Exercise goal –
Would you repeat the listing exactly, without any of its images?

Supplied information –
⟨

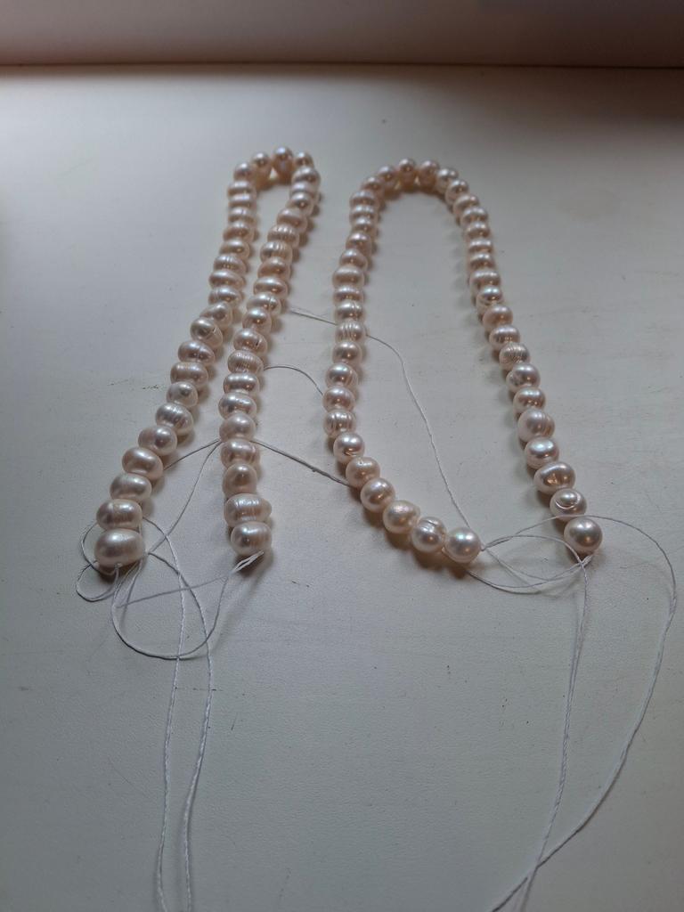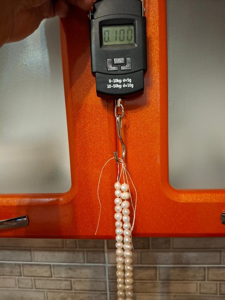 I ordered 3 pieces of white pearls, only 2 strings arrived, how is that? The parcel weight is 98 g, for 3 strings of pearls 10-11 mm it is not enough, but for 2 it is just right, in the photo the weight of 2 strings, the error of the spring balance is about 5 g. I ask the support service to sort this out, I do not need extra, but return mine too! The money was returned for one string, thank you
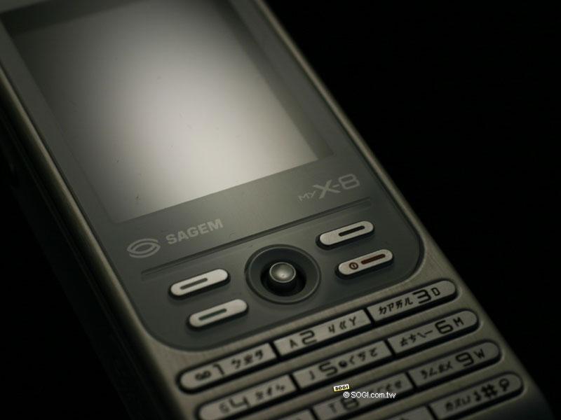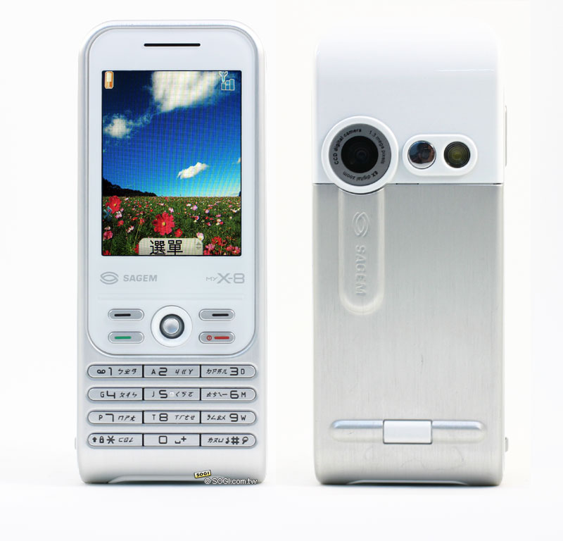當所有人都注意日系手機螢幕還有相機的高標準之時,法國的手機廠牌 SAGEM 也突破僵局,創造了 my X-8 這款優質手機,除了擁有 240 x 320 pixels 的 2.2 吋 TFT LCD 高規格螢幕外,也同時擁有 130 萬畫素的 CCD 感光元件數位相機,並擁有多模式拍攝以及八倍的數位變焦功能,當然還有 H.263 格式的無限時間動態錄影,這種高規格的手機,已經不再是日系手機專屬的,而且重點是價格也相當的友善,官方的建議售價是 NT$ 18,800 元。
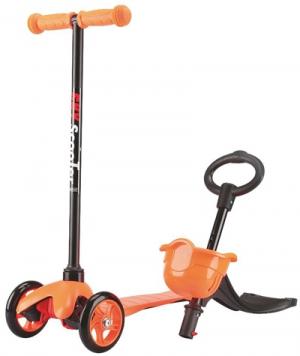 Для самых маленьких с дополнительной сменной ручкой и сиденьем, 3-х кол. - 2 передних полиуретан 120*24мм., 1 заднее полиуретан 70*24мм., платформа 37*11см., сиденье - ударопрочный пластик, возраст 1+

⟩

Finished task –
 I ordered 3 pieces of white pearls, only 2 strings arrived, how is that? The parcel weight is 98 g, for 3 strings of pearls 10-11 mm it is not enough, but for 2 it is just right, in the photo the weight of 2 strings, the error of the spring balance is about 5 g. I ask the support service to sort this out, I do not need extra, but return mine too! The money was returned for one string, thank you
當所有人都注意日系手機螢幕還有相機的高標準之時,法國的手機廠牌 SAGEM 也突破僵局,創造了 my X-8 這款優質手機,除了擁有 240 x 320 pixels 的 2.2 吋 TFT LCD 高規格螢幕外,也同時擁有 130 萬畫素的 CCD 感光元件數位相機,並擁有多模式拍攝以及八倍的數位變焦功能,當然還有 H.263 格式的無限時間動態錄影,這種高規格的手機,已經不再是日系手機專屬的,而且重點是價格也相當的友善,官方的建議售價是 NT$ 18,800 元。
 Для самых маленьких с дополнительной сменной ручкой и сиденьем, 3-х кол. - 2 передних полиуретан 120*24мм., 1 заднее полиуретан 70*24мм., платформа 37*11см., сиденье - ударопрочный пластик, возраст 1+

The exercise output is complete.